Exercise goal → Return exactly the lines from the "Záchranná pomůcka pro" line through the last line of the entries below. Include no pictures.

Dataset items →

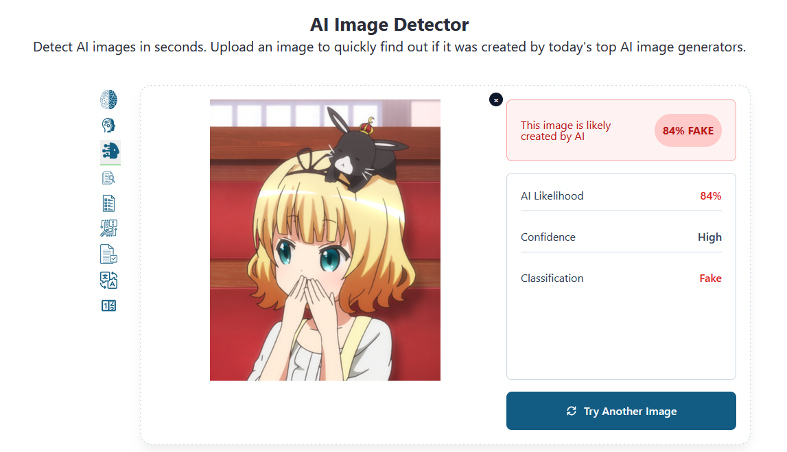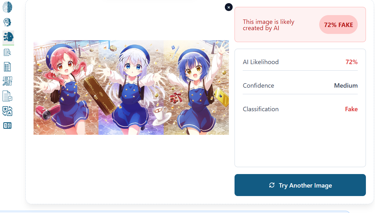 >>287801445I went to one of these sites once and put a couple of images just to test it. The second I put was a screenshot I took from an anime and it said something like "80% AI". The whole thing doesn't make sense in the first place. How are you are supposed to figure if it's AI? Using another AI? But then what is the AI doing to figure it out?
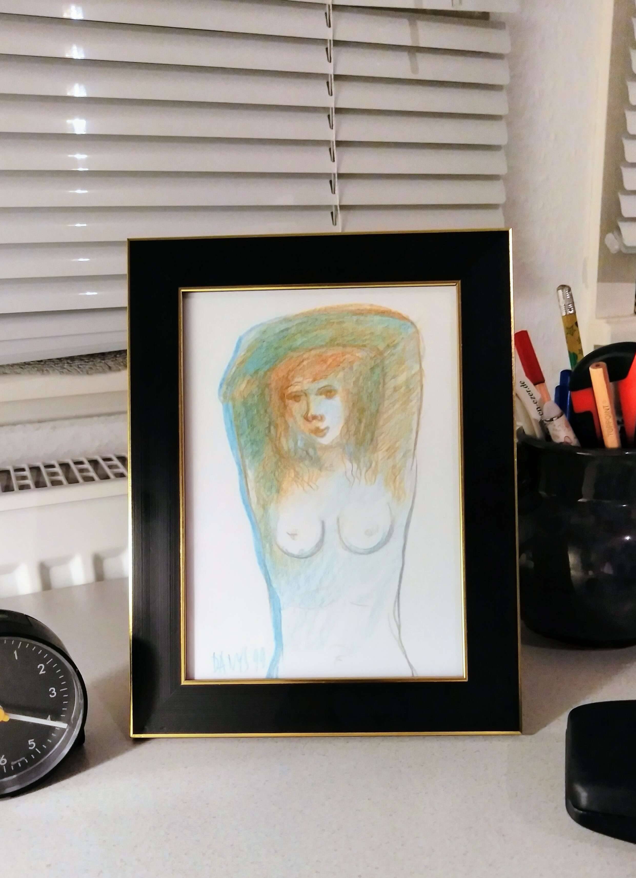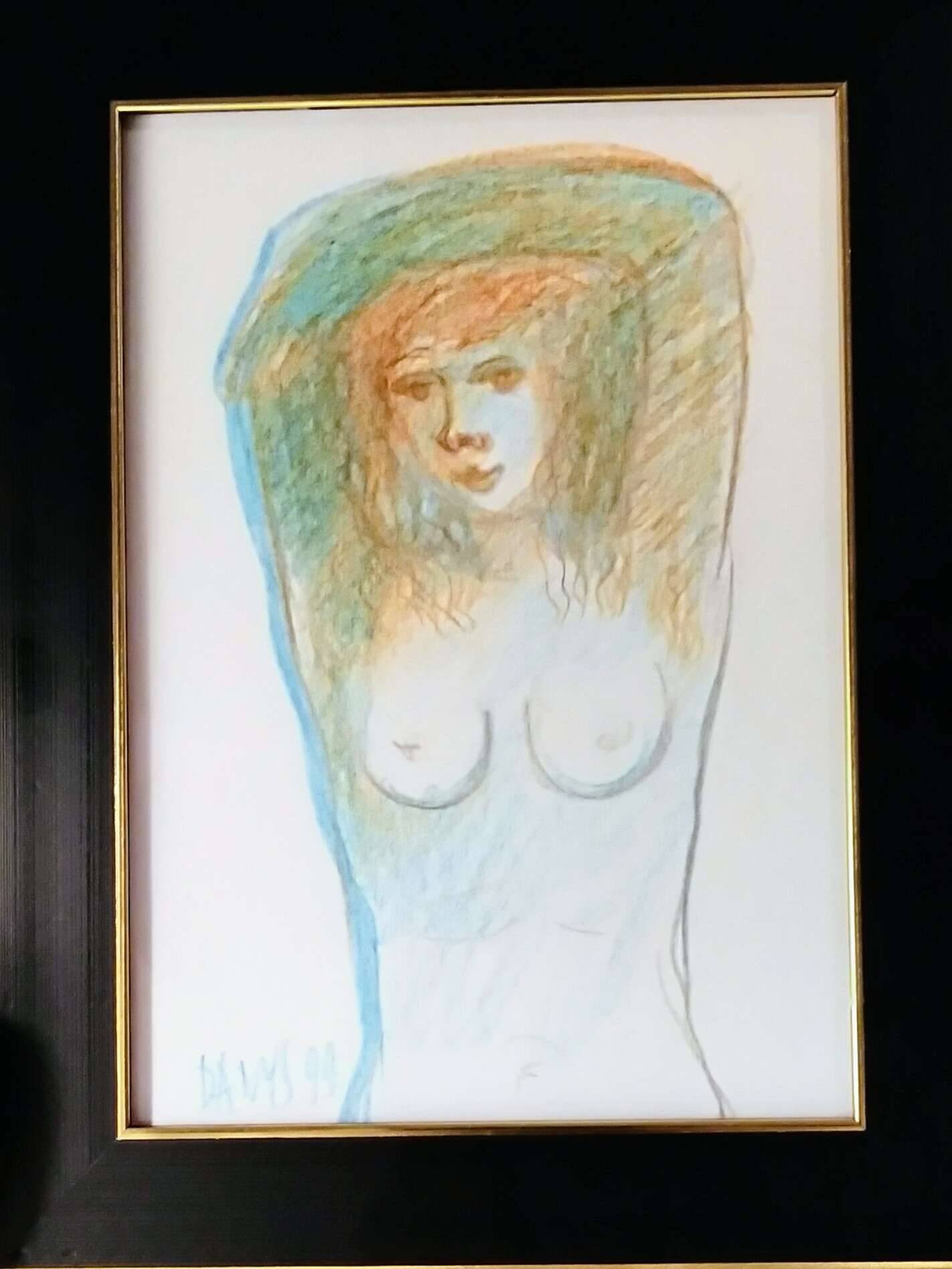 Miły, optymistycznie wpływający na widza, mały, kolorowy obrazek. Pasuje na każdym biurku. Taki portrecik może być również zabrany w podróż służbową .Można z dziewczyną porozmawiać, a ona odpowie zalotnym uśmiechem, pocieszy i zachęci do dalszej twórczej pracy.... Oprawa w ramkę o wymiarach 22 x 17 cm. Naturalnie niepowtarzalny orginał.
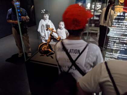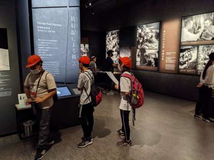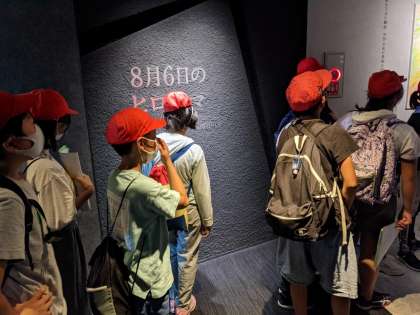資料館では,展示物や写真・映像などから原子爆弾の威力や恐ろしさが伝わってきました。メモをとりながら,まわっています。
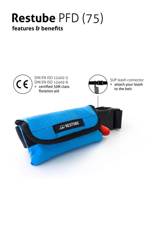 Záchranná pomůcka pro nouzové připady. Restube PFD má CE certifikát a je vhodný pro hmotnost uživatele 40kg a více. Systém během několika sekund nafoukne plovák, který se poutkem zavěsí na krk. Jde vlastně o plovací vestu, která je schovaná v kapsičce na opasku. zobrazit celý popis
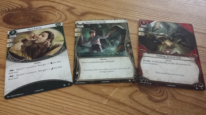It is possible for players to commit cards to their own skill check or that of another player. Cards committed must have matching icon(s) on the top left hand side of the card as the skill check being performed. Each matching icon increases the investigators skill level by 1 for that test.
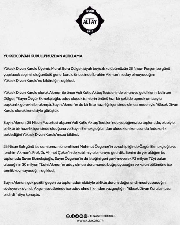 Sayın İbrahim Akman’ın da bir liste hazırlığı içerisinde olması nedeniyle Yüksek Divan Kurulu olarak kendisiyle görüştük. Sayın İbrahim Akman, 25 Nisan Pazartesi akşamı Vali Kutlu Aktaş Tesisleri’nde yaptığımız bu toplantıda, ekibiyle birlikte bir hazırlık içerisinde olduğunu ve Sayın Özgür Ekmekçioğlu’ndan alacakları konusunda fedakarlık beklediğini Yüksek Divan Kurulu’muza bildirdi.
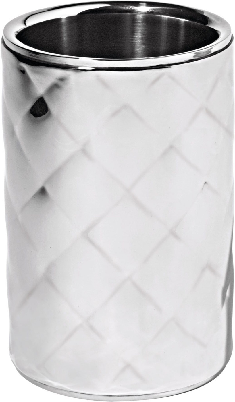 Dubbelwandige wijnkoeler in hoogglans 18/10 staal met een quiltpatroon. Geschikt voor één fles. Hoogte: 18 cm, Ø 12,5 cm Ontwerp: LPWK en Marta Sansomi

Output of the task →
 Záchranná pomůcka pro nouzové připady. Restube PFD má CE certifikát a je vhodný pro hmotnost uživatele 40kg a více. Systém během několika sekund nafoukne plovák, který se poutkem zavěsí na krk. Jde vlastně o plovací vestu, která je schovaná v kapsičce na opasku. zobrazit celý popis
It is possible for players to commit cards to their own skill check or that of another player. Cards committed must have matching icon(s) on the top left hand side of the card as the skill check being performed. Each matching icon increases the investigators skill level by 1 for that test.
 Sayın İbrahim Akman’ın da bir liste hazırlığı içerisinde olması nedeniyle Yüksek Divan Kurulu olarak kendisiyle görüştük. Sayın İbrahim Akman, 25 Nisan Pazartesi akşamı Vali Kutlu Aktaş Tesisleri’nde yaptığımız bu toplantıda, ekibiyle birlikte bir hazırlık içerisinde olduğunu ve Sayın Özgür Ekmekçioğlu’ndan alacakları konusunda fedakarlık beklediğini Yüksek Divan Kurulu’muza bildirdi.
 Dubbelwandige wijnkoeler in hoogglans 18/10 staal met een quiltpatroon. Geschikt voor één fles. Hoogte: 18 cm, Ø 12,5 cm Ontwerp: LPWK en Marta Sansomi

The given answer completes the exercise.